*** Opening of WORKING DATA ***

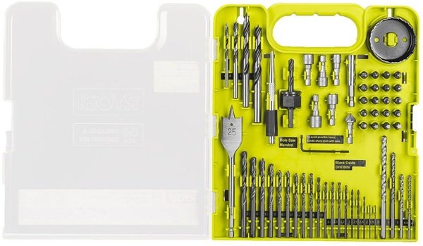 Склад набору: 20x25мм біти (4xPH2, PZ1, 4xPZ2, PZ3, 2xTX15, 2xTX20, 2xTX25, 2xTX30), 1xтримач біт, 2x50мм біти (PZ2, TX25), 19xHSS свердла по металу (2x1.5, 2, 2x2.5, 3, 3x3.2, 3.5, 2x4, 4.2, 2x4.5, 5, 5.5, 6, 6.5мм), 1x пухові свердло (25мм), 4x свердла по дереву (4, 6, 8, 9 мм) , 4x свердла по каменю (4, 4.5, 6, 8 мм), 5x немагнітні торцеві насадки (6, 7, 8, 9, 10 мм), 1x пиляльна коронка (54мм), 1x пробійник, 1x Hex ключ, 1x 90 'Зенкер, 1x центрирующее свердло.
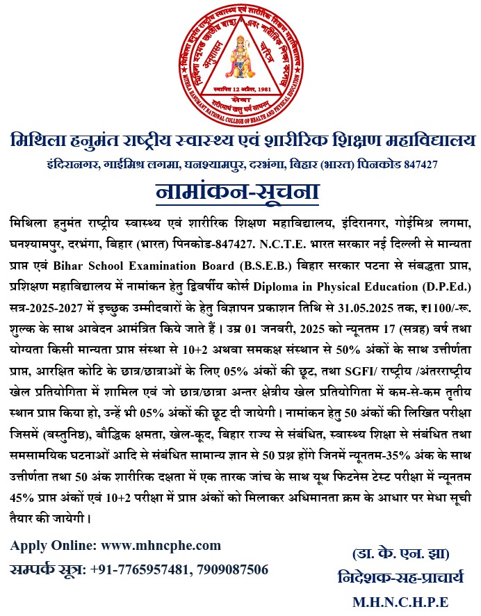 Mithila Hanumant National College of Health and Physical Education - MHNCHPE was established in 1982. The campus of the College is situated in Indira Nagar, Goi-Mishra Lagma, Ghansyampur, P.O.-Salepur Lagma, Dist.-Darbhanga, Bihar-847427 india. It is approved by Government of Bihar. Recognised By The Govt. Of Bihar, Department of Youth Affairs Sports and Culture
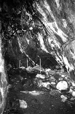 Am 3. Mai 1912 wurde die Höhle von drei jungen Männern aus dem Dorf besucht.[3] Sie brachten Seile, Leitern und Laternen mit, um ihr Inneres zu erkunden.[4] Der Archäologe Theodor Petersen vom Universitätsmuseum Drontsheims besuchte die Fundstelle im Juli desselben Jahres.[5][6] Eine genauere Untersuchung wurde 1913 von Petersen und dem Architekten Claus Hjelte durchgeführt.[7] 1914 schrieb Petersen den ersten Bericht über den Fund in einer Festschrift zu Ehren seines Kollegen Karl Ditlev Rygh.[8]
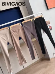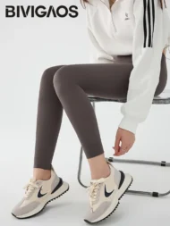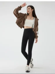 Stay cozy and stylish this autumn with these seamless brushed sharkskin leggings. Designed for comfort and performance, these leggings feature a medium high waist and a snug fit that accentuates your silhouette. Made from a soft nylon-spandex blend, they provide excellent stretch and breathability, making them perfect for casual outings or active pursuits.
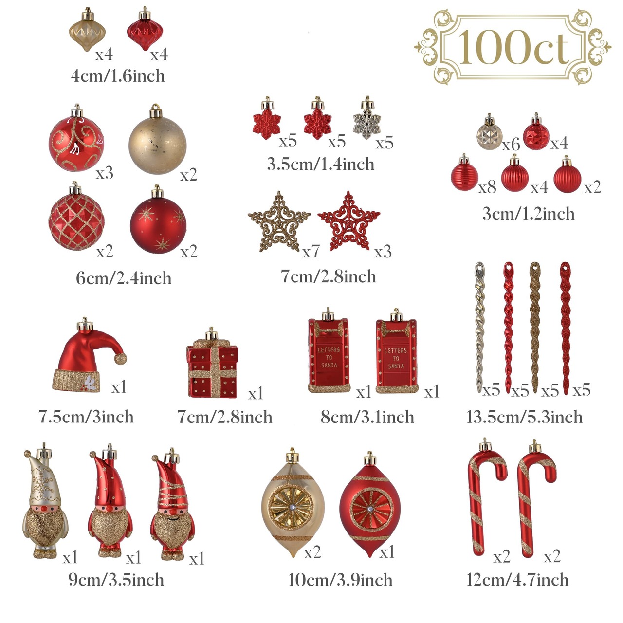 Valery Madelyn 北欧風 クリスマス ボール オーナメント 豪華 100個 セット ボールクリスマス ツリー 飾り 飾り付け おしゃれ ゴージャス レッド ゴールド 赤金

*** Close of WORKING DATA ***

ACTIVITY:
Please print the entire listing again exactly, minus its images.

ANSWER TO THE EXERCISE:
 Склад набору: 20x25мм біти (4xPH2, PZ1, 4xPZ2, PZ3, 2xTX15, 2xTX20, 2xTX25, 2xTX30), 1xтримач біт, 2x50мм біти (PZ2, TX25), 19xHSS свердла по металу (2x1.5, 2, 2x2.5, 3, 3x3.2, 3.5, 2x4, 4.2, 2x4.5, 5, 5.5, 6, 6.5мм), 1x пухові свердло (25мм), 4x свердла по дереву (4, 6, 8, 9 мм) , 4x свердла по каменю (4, 4.5, 6, 8 мм), 5x немагнітні торцеві насадки (6, 7, 8, 9, 10 мм), 1x пиляльна коронка (54мм), 1x пробійник, 1x Hex ключ, 1x 90 'Зенкер, 1x центрирующее свердло.
 Mithila Hanumant National College of Health and Physical Education - MHNCHPE was established in 1982. The campus of the College is situated in Indira Nagar, Goi-Mishra Lagma, Ghansyampur, P.O.-Salepur Lagma, Dist.-Darbhanga, Bihar-847427 india. It is approved by Government of Bihar. Recognised By The Govt. Of Bihar, Department of Youth Affairs Sports and Culture
 Am 3. Mai 1912 wurde die Höhle von drei jungen Männern aus dem Dorf besucht.[3] Sie brachten Seile, Leitern und Laternen mit, um ihr Inneres zu erkunden.[4] Der Archäologe Theodor Petersen vom Universitätsmuseum Drontsheims besuchte die Fundstelle im Juli desselben Jahres.[5][6] Eine genauere Untersuchung wurde 1913 von Petersen und dem Architekten Claus Hjelte durchgeführt.[7] 1914 schrieb Petersen den ersten Bericht über den Fund in einer Festschrift zu Ehren seines Kollegen Karl Ditlev Rygh.[8]
 Stay cozy and stylish this autumn with these seamless brushed sharkskin leggings. Designed for comfort and performance, these leggings feature a medium high waist and a snug fit that accentuates your silhouette. Made from a soft nylon-spandex blend, they provide excellent stretch and breathability, making them perfect for casual outings or active pursuits.
 Valery Madelyn 北欧風 クリスマス ボール オーナメント 豪華 100個 セット ボールクリスマス ツリー 飾り 飾り付け おしゃれ ゴージャス レッド ゴールド 赤金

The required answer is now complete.